::: COLLECTED MATERIAL :::
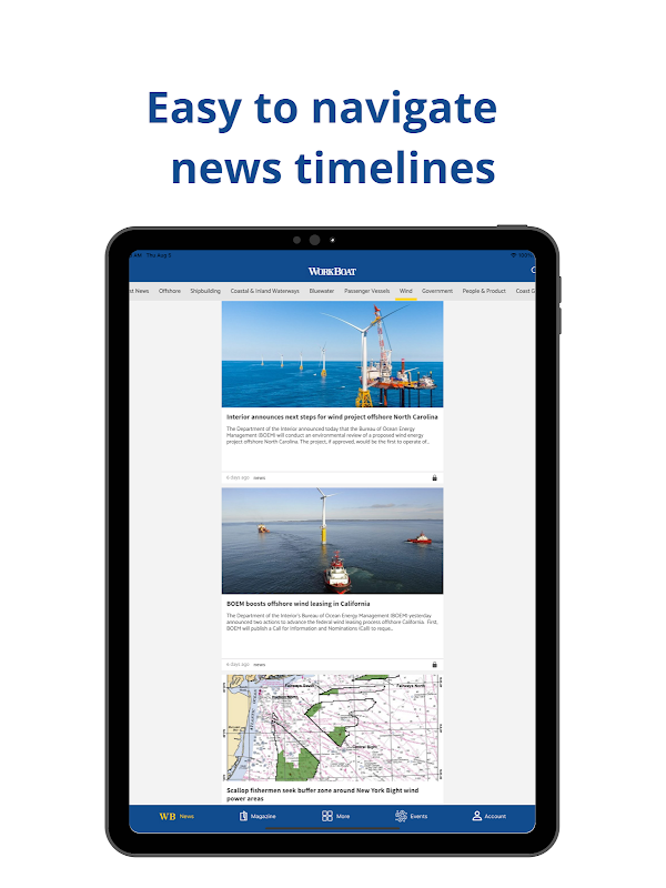 WorkBoat fornisce informazioni di alta qualità a tutti i segmenti dell'industria marittima nordamericana attraverso WorkBoat Magazine, WorkBoat.com e l'International WorkBoat show.
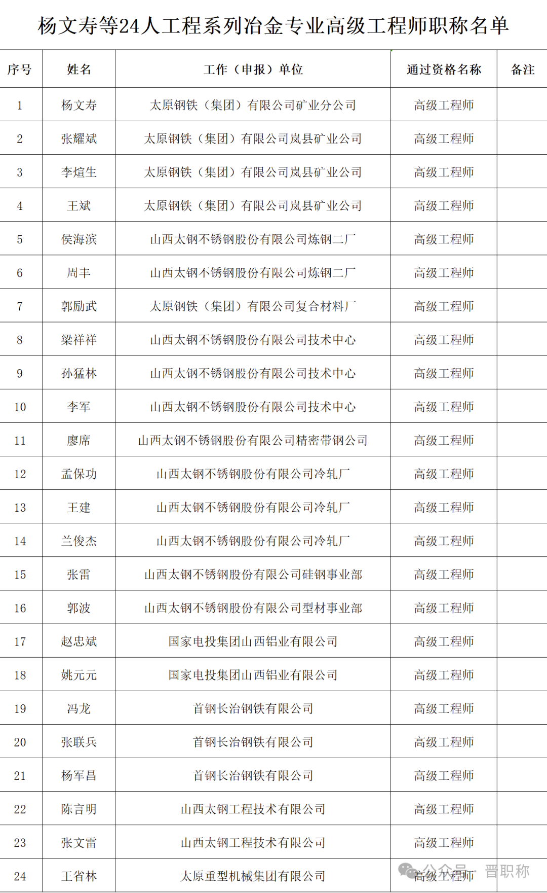 关于公布杨文寿等24人工程系列冶金专业高级工程师
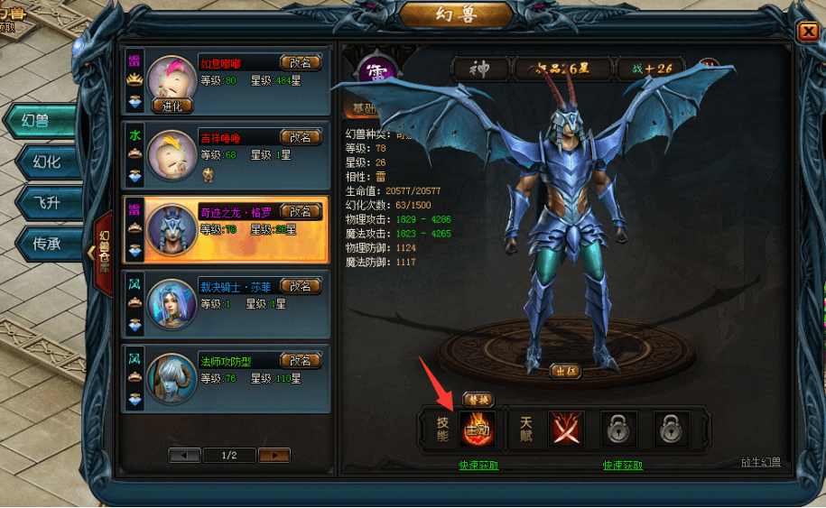 替换按钮即可。而幻兽技能书可通过商城-礼券商城购买或者BOSS掉落获得;
:::
__PROBLEM__: Starting with the top line, write out all the data above exactly; keep the pictures out.

__THE COMPLETED TASK__:
 WorkBoat fornisce informazioni di alta qualità a tutti i segmenti dell'industria marittima nordamericana attraverso WorkBoat Magazine, WorkBoat.com e l'International WorkBoat show.
 关于公布杨文寿等24人工程系列冶金专业高级工程师
 替换按钮即可。而幻兽技能书可通过商城-礼券商城购买或者BOSS掉落获得;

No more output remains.